There are also capacities for special edges:

\(C^{LD}_S \in \mathbb{R}^b_{\ge 0}\) where \(b = \# B_S\) is the number of basins, for the flow supplied by basins based on level demand (this capacity is 0 for basins that have no level demand).
\(C^{FD}_S \in \mathbb{R}^c_{\ge 0}\) where \(c = \# FD_S\) is the number of nodes with a flow demand, for the flow supplied by flow buffers at these nodes with a flow demand.
\(C^{UD}_S \in \mathbb{R}^f_{\ge 0}\) where \(f = \# U_S\), for the flow supplied by the user demand outflow source whose capacity is given by return flows.

4 The optimization problem

The optimization problem for a subnetwork is a linear optimization problem consisting of an objective function with associated constraints on a set of variables, all of which are introduced below.

4.1 The optimization variables

There are several types of variable whose value has to be determined to solve the allocation problem:

The flows \(F \in \mathbb{R}_{\ge 0}^{n\times n}\) over the edges in the allocation network;
The flows \(F^\text{basin out}_{i}, F^\text{basin in}_{i} \geq 0\) for all \(i \in B_S\) supplied and consumed by the basins with a level demand respectively;
The flows \(F^\text{buffer out}_{i}, F^\text{buffer in}_{i} \ge 0\) for all \(i \in FD_S \cup FF_S\) supplied and consumed by the flow buffers of nodes with a flow demand or fractional flow outneighbors.

4.2 The optimization objective

The goal of allocation is to get the flow to nodes with demands as close as possible to these demands. To achieve this, a sum error of terms is minimized.

\[ \min E_{\text{user demand}} + E_{\text{level demand}} + E_{\text{flow demand}} \]

The error between the flows and user demands is denoted by \(E_{\text{user demand}}\), where \[ E_{\text{user demand}} = \sum_{(i,j)\in E_S\;:\; i\in U_S} \left| F_{ij} - d_j^p(t)\right| \]

Note

When performing main network allocation, the connections to subnetworks are also interpreted as UserDemand nodes with demands determined by subnetwork demand collection.

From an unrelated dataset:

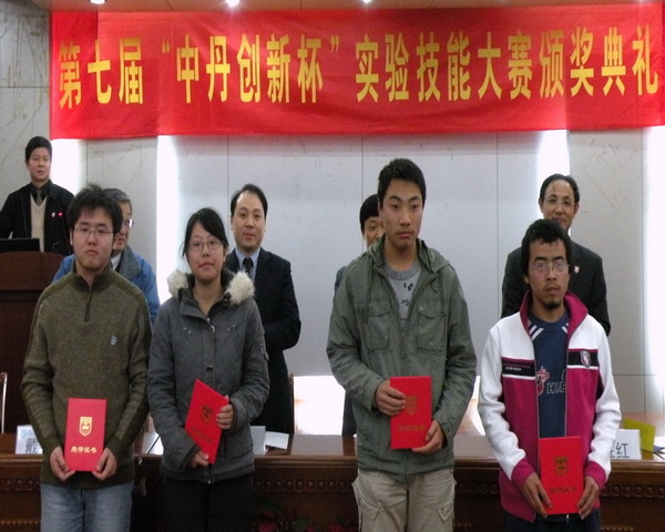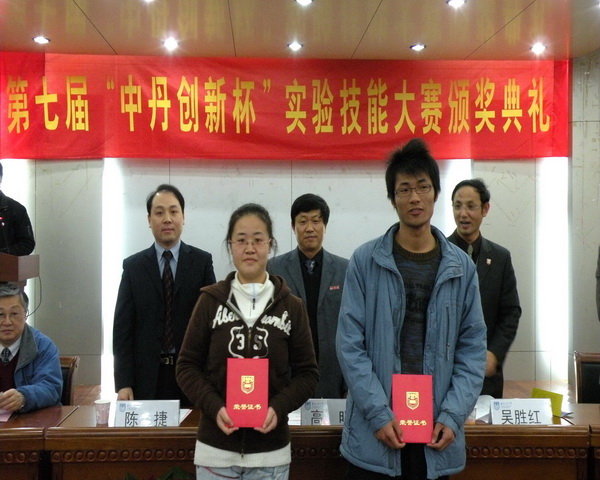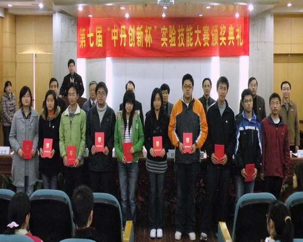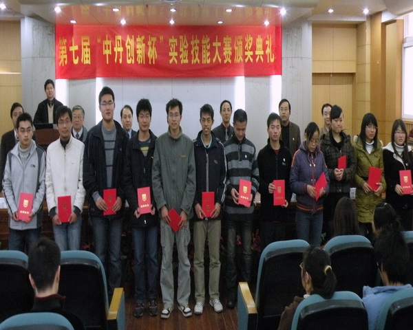 阅读次数: 发布时间:2008-12-12由校员工处、校团委主办,江苏中丹集团股份有限公司赞助,理公司分团委承办的第七届“中丹创新杯”实验技能大赛历时近两个月,已圆满结束。12月10日下午1:30,大赛颁奖典礼在厚学报告厅隆重举行。

This type of objective cares about the absolute amount of water allocated to a demand. It treats all deviations equally which means it doesn’t give larger punishment per flow unit if deviations increase.

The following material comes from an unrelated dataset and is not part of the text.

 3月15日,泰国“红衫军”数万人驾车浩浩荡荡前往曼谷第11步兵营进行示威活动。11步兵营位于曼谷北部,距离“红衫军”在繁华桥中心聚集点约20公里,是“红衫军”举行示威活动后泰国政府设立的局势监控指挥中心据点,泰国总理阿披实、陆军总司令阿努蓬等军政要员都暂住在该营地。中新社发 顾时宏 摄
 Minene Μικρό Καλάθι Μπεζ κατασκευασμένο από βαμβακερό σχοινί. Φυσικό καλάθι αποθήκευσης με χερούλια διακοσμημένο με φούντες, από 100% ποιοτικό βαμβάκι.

The absolute value applied here is not supported in a linear programming context directly; this requires introduction of new variables and constraints. For more details see here.

Likewise, the error of level demands from basins is the absolute difference between flows consumed by basins and basin demands. \[ E_{\text{level demand}} = \sum_{i \in B_S} \left| F_i^\text{basin in} - d_i^p(t)\right| \]

Lastly, the error of the flow demands is given as below. \[ E_{\text{flow demand}} = \sum_{i \in FD_S} \left| F_i^\text{buffer in} - d_i^p(t)\right| \]

4.3 The optimization constraints

For convenience, we use the notation

\[\begin{align} V^{\text{out}}_S(i) = \left\{j \in V : (i,j) \in E_S\right\} \\ V^{\text{in}}_S(j) = \left\{i \in V : (i,j) \in E_S\right\} \end{align}\]

for the set of in-neighbors and out-neighbors of a node in the network respectively.

Flow conservation: For all nodes \(k\) that are not a source or a sink (i.e. FlowBoundary, LevelBoundary, UserDemand) we have a flow conservation constraint: \[ \sum F_{\text{out special}} + \sum_{j \in V^{\text{out}}_S(k)} F_{kj} = \sum F_{\text{in special}} + \sum_{i \in V^{\text{in}}_S(k)} F_{ik}, \quad \forall k \in B_S. \tag{1}\]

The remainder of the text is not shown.